Note: This is the current draft of a piece I performed at Patrick’s Cabaret in Minneapolis this past weekend.
The toilet paper lobby is in cahoots with Big Vagina.
I don’t mean “big vagina” as in “vaginas that are large.” I mean Big Vagina, as in capital B-Big, capital V-Vagina. As in Big Tobacco, Big Coal, Big Pharmaceutical. As in Conglomerates. Cartels. Cabals. Other… intimidating words that start with a hard-C sound. Shady backroom dealings, where mustachioed billionaires smoke cigars and discuss the course of international events. And lemme tell you, the toilet paper lobby has Big Vagina all sewn up!
That’s an unpleasant visual… I apologize.

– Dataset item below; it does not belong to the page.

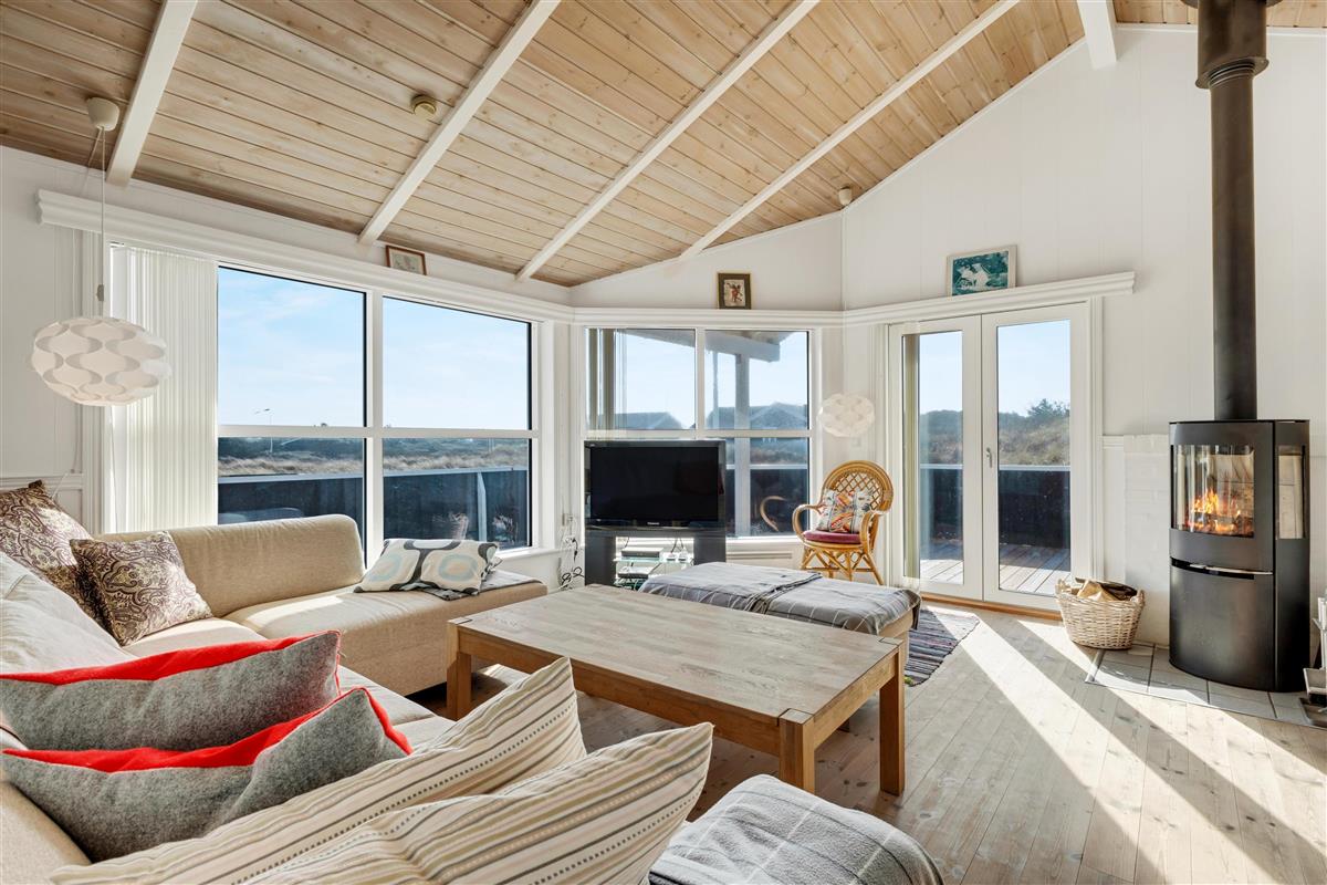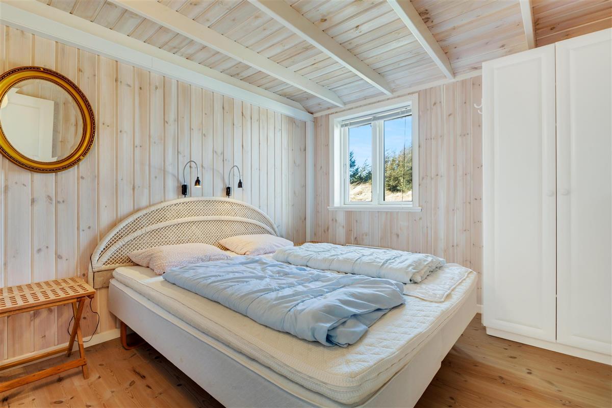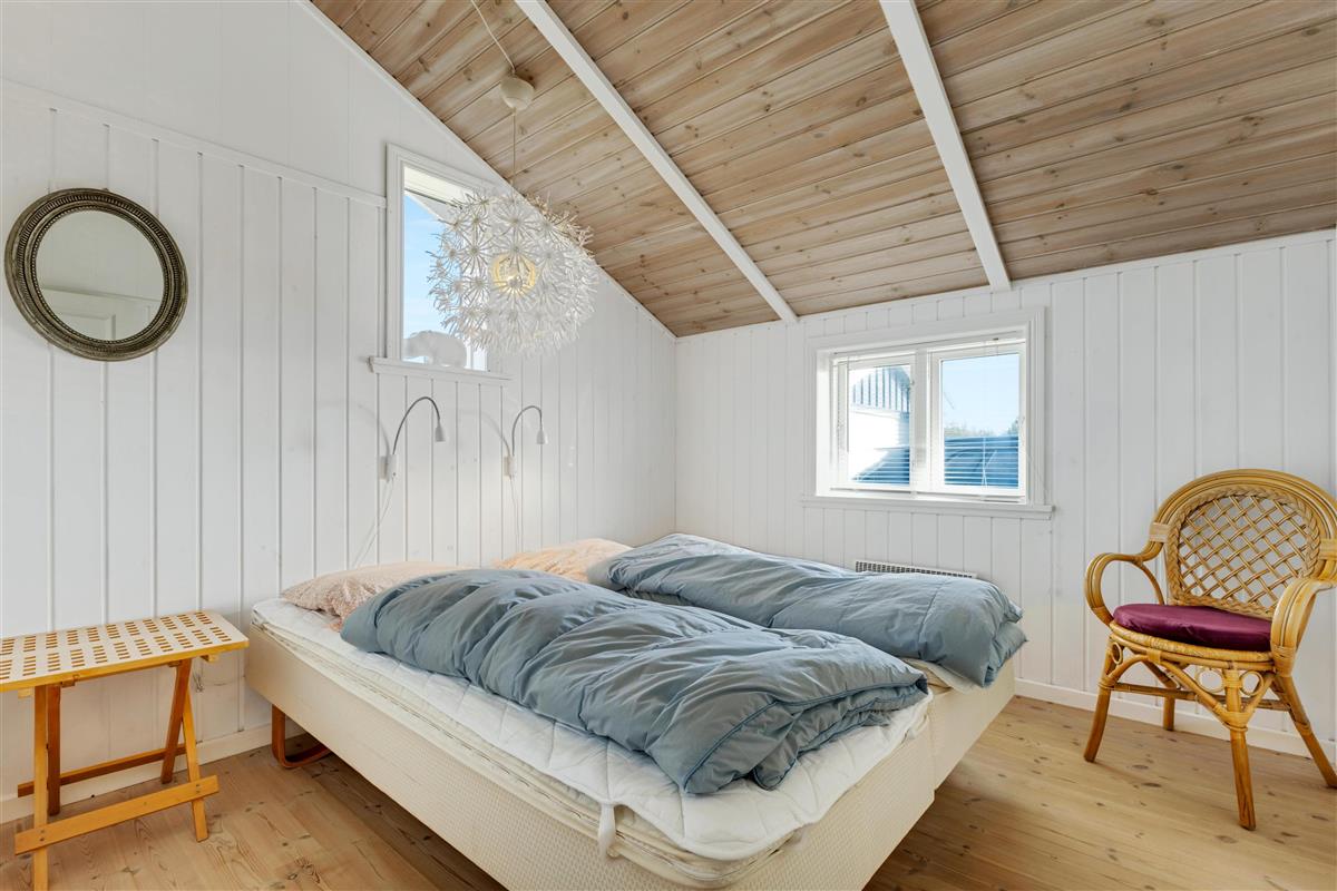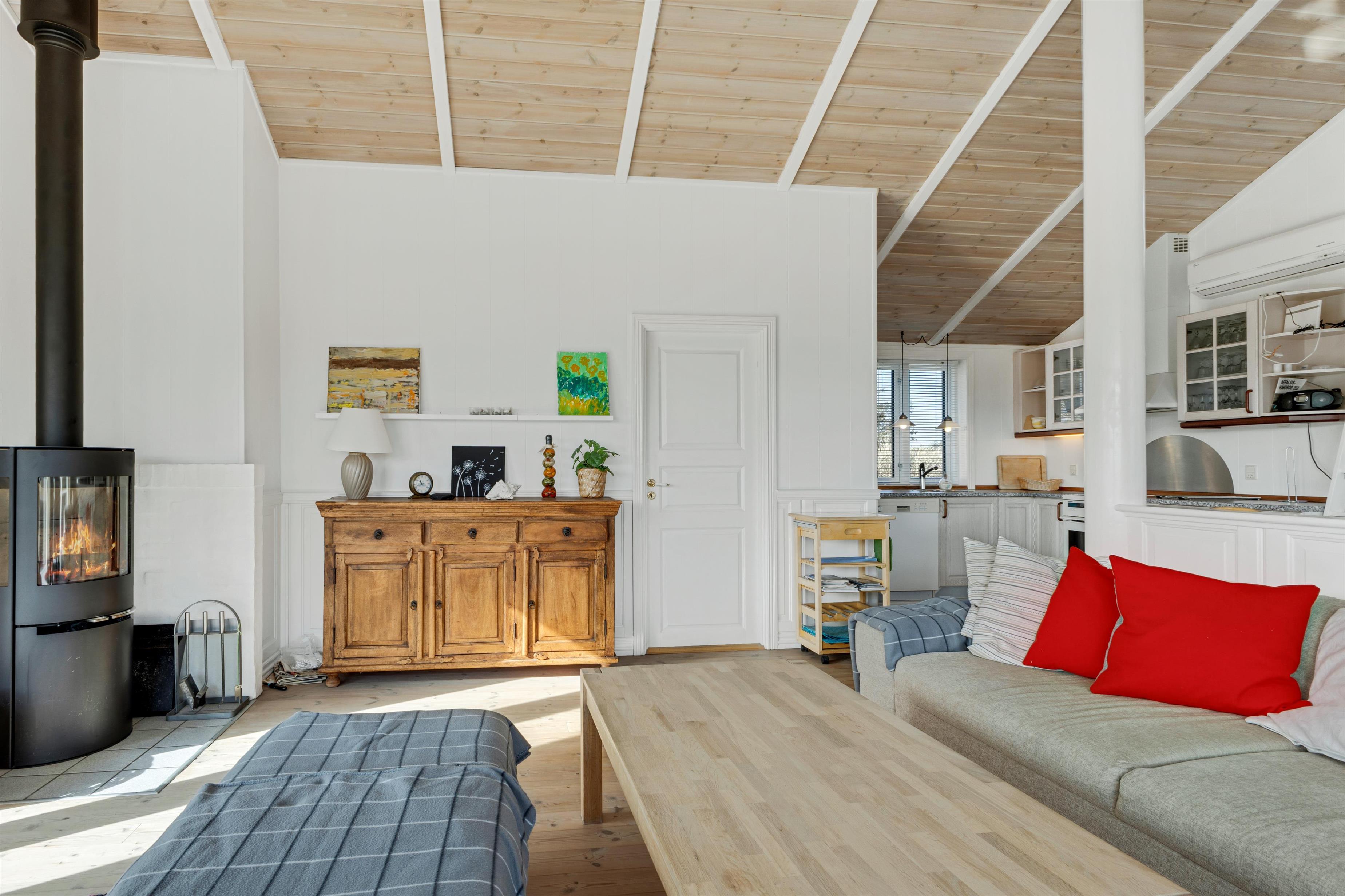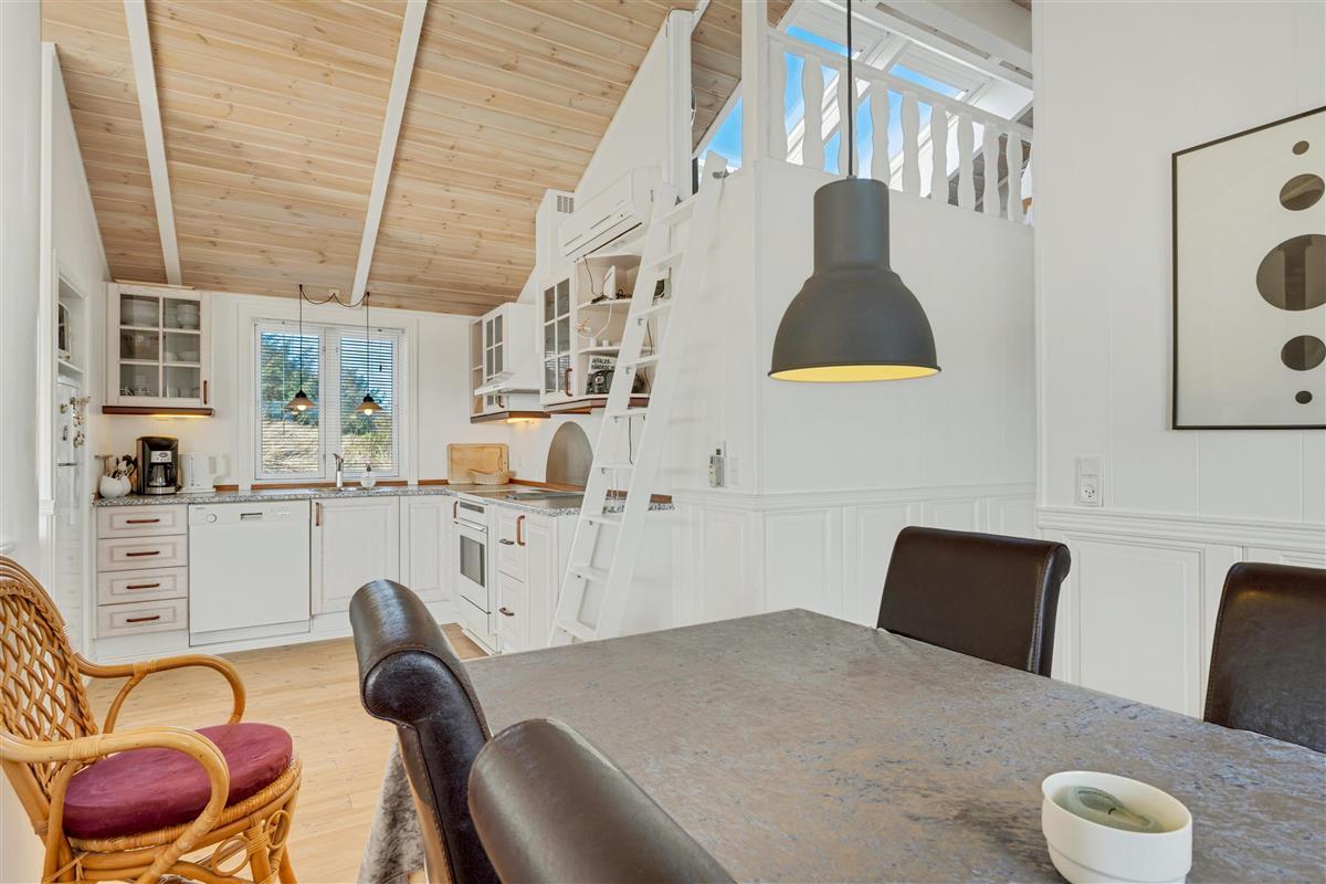 In the house, there are two bathrooms - one of which is with sauna and spa - three bedrooms, and a large, bright kitchen and dining area. Here, there is a genuine holiday home atmosphere with a cozy dining area, panels on the walls, and a lovely sofa area with a fireplace and a view of the beautiful nature outside. There is a loft where the kids can retreat and enjoy the sound of the living room's laughter and the crackling of the fireplace. A really lovely holiday home that invites many hours of vacation relaxation.

But I know about their secret dealings because I am a recent initiate into the world of having a vagina. I possess something of an outsider’s perspective. See, I used to have a penis. For most of my life I had one, actually. But then, on December 10, 2013, a day foretold in prophecy, I stood naked atop the highest peaks and called upon otherworldly powers to make right a cosmic injustice.
Or maybe I simply went to a surgeon in Philadelphia and had some awesome fantasies while high on morphine.
But either way, my outie became an innie and I gained secret knowledge that Big Vagina doesn’t want you to have. Like Big Vagina’s relationship with the toilet paper lobby.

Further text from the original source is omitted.